As I write on the morning of Super Tuesday, March 1, the Republican establishment is in hysterics. The writing is on the wall. By the end of the day, Donald Trump will have all but sewed up the 2016 Republican nomination for president. And I write those words confidently, even though voting has just begun in the first of the 11 states where Republican delegates are up for grabs.
Like an old wino huddled in an alley, braving a March snowstorm, the GOP leadership just keeps mumbling, It wasn’t supposed to be this way. Yet the party establishment has only itself to blame. In 2014, they made changes to the primary process designed to prevent a long, drawn-out battle for the nomination. That Mitt Romney had to spend most of the first half of 2012 fighting off Newt Gingrich and Rick Santorum was (they were convinced) the real reason for his defeat in the general election—not that Romney was just as unlikable and out of touch with voters as his two opponents were.

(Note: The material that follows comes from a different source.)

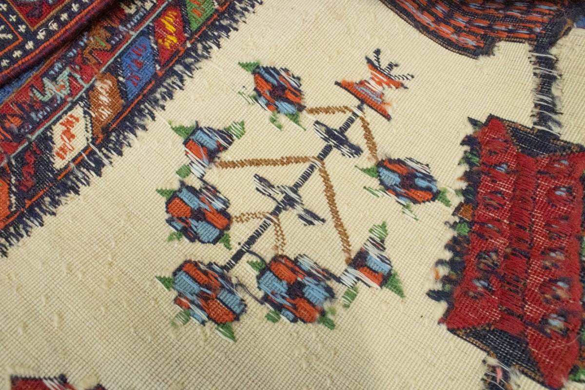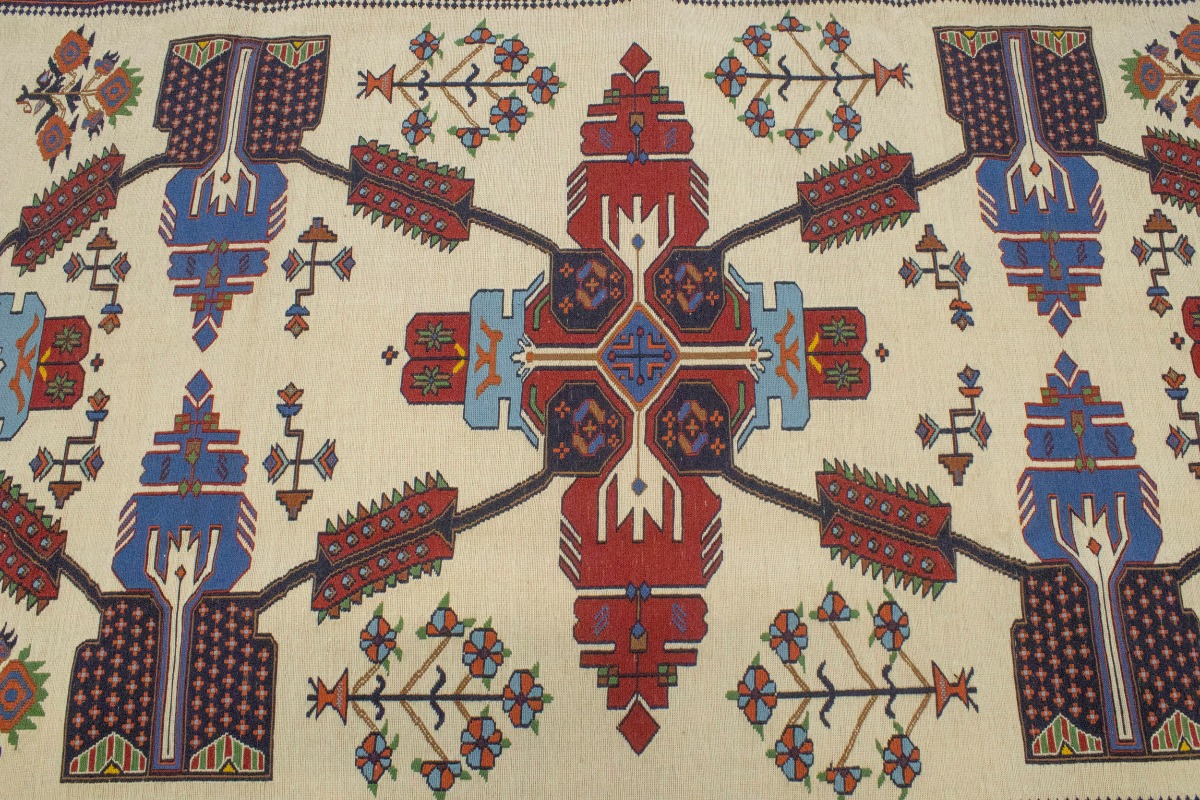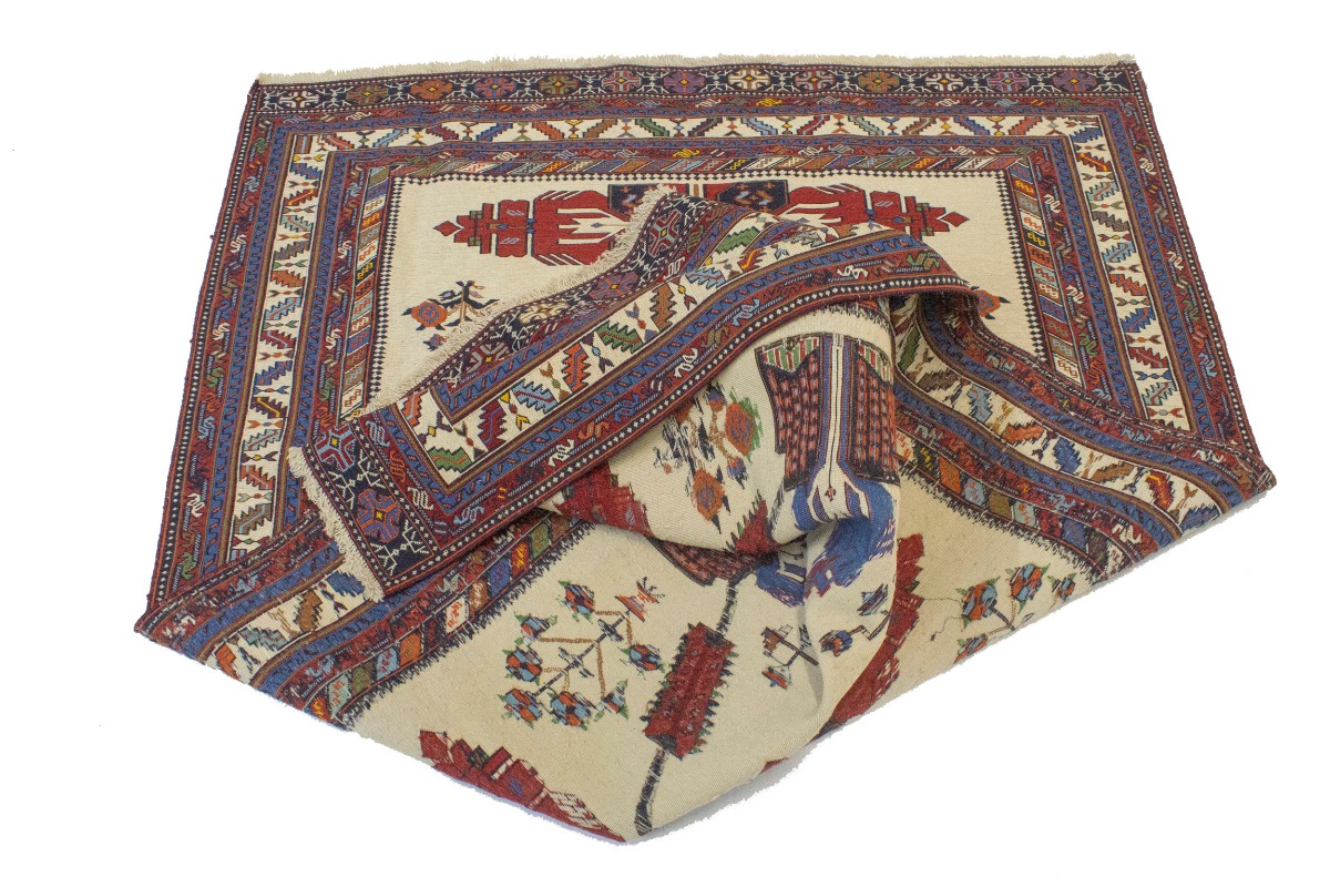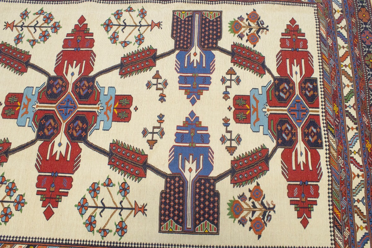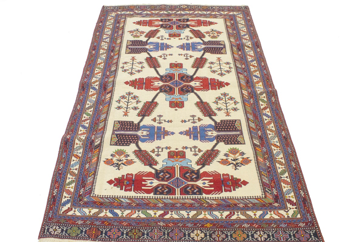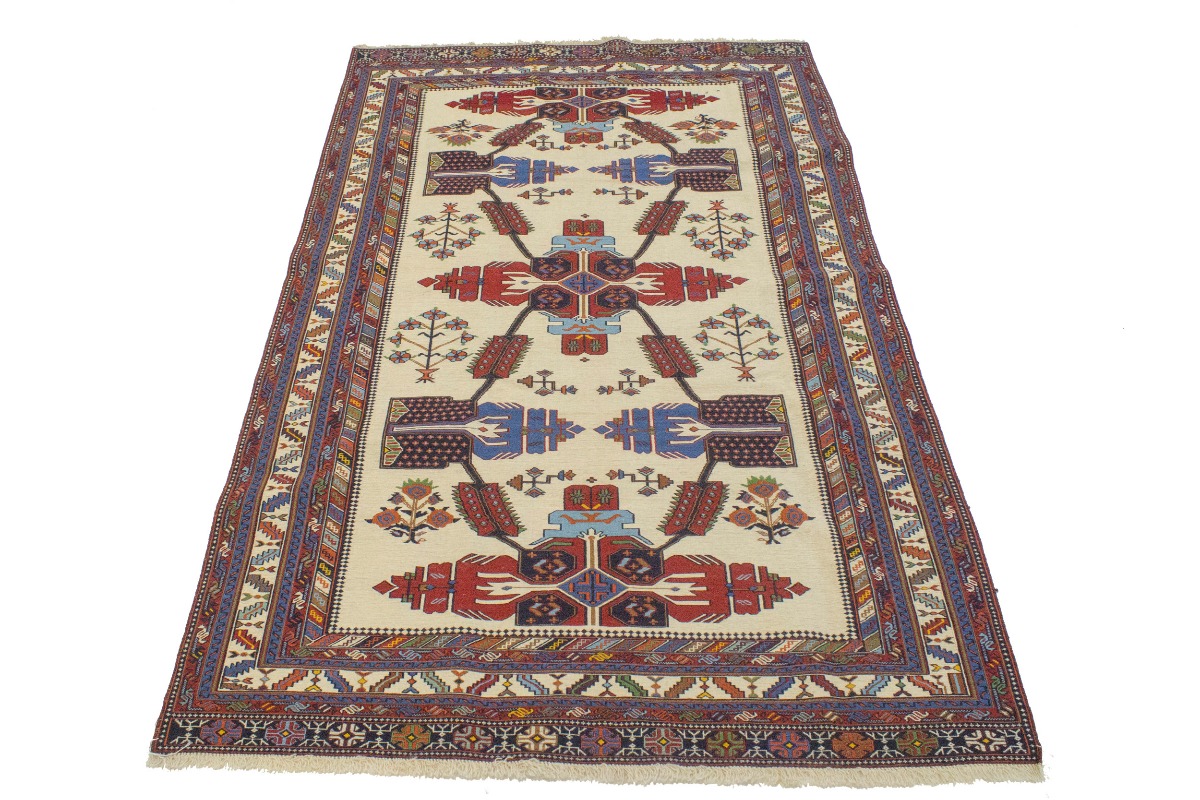 Handmade 4X7 cream Oriental rug made with natural dyes (fine wool pile and cotton foundation), superior knot count, and appealing ancient designs. This Oriental rug never will go out of style and would be among your most valuable treasures.

In 2016, they wanted primary voters to coalesce quickly behind a nominee, and they got their wish. They should have been more careful what they wished for.

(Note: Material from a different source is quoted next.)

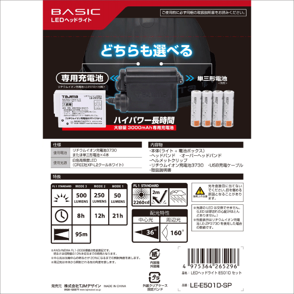 ●明るさ:最大500lm、250lm、50lmの3照射切替

Yet the mundane procedural explanation is only the tip of the iceberg. The Republican establishment made Donald Trump possible—and not in the way that leftists with no sense or understanding of history mean when they compare Trump to Hitler or to Mussolini. Donald Trump has risen to where he is today not because the GOP has shifted radically right over the last three decades but because it has lurched to the left. There’s nothing conservative about the Republican Party today; it is, in almost every aspect, a revolutionary force. And that has put Trump in the unlikely position of standing athwart the Grand Old Party, yelling Stop.
Some who will agree with what I have written here would likely take exception to my use of Republican establishment and GOP leadership, and insist that those responsible are simply the neoconservatives. Today, however, that is a distinction without a difference. The influence the neoconservatives nurtured in the latter years of the Reagan administration came into full flower under George H.W. Bush, particularly in the D.C.-based conservative think tanks (with the exception of the Cato Institute). Under George W. Bush, the neocons did not simply dominate the administration; they set the agenda for the “conservative movement” nationally and coopted the party establishment. Today, there is no distinction between that establishment and the neoconservatives, though that may well change if prominent neocons make good on their threats to abandon the GOP when Trump captures the nomination.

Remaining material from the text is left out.